This area has grown dramatically in the past 10
years, and throughout our research we identified a
potentially underexplored sub-area: Action
Prediction. What if we could infer the future actions
of people from visual input? We propose to expand
the current vision-based activity analysis to a level
where it is possible to predict the future actions
executed by a subject.
We are interested in interactions which can
involve a single actor, two humans and/or simple
objects. For example try to predict if “a person will
cross the street” or “a person will try to steal a hand-
bag from another” or where will a tennis-player
target the next volley. Using a hierarchical approach
we intend to represent high-level human activities
that are composed of other simpler activities, which
are usually called sub-events which may themselves
be decomposable. We expect to develop a system
capable of predicting the next action in a sequence
initially using offline-learning to bootstrap the
system and then with self-improvement/task
specialization in mind, using online-learning.
2 OUTLINE OF OBJECTIVES
The summarized objectives are:
Detecting relevant human behavior in midst of
irrelevant additional motion;
Recognizing the detected actions among
several pre-learned actions;
Given the current recognized action, predicting
the next most likely action or behavior that will
occur in a near future.
This research intends to create a system that can,
in real-time, accurately and robustly predict complex
human activities before they occur. The system will
evolve and learn new actions over time. We will be
using the Kinect sensor to extract 3D skeleton data.

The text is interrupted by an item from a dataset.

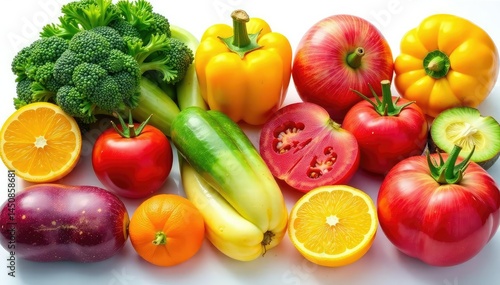 Assortment of organic fruits & vegetables isolated on white, sustainable, isolated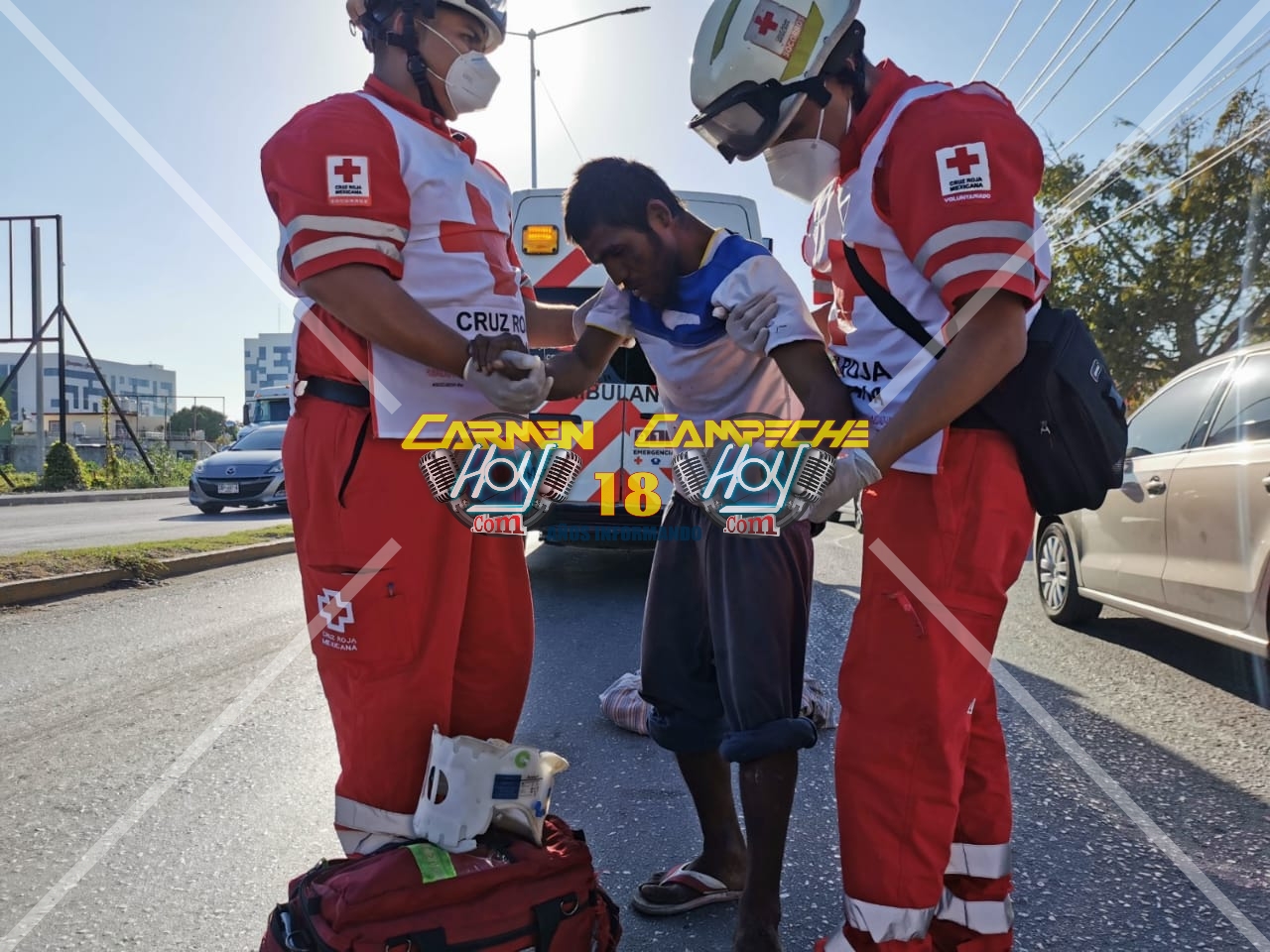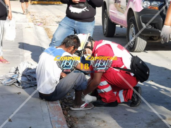 Mientras socorristas de la Cruz Roja Mexicana, brindaban los primeros auxilios y curaban las heridas sangrantes que el indigente tenía en los codos, aplicándole un vendaje ya que las lesiones no eran de gravedad por lo que no amerito ser trasladado a algún nosocomio de la isla.

The system should be robust to changes in relative
distance between the body and the sensor, skeleton
orientation, and speed of an action. Some of the
existing approaches try to predict the current action
in a short term before it has been concluded as seen
in (Ryoo, M., 2011) while others try to predict in
more long term situations (Li, K. et al., 2012). We
foresee several useful applications such as predicting
an ongoing stealing activity as early as possible
based on live video observations, in sports trying to
predict to which side of the goal the player is going
to score the penalty or in tennis guessing to which
side of the court the player is going to shot the ball,
or in health, trying to detect signs of confused or
dangerous behavior in patients with diseases that
cause the degeneration of the central nervous
system.
3 STATE OF THE ART
We separated the state of the art in two sections: the
first is related to Human Activity Recognition, while
the second focuses on Human Activity Prediction.
24
Jardim D., Nunes L. and Dias M..
Human Activity Recognition and Prediction.
Copyright
c
2015 SCITEPRESS (Science and Technology Publications, Lda.)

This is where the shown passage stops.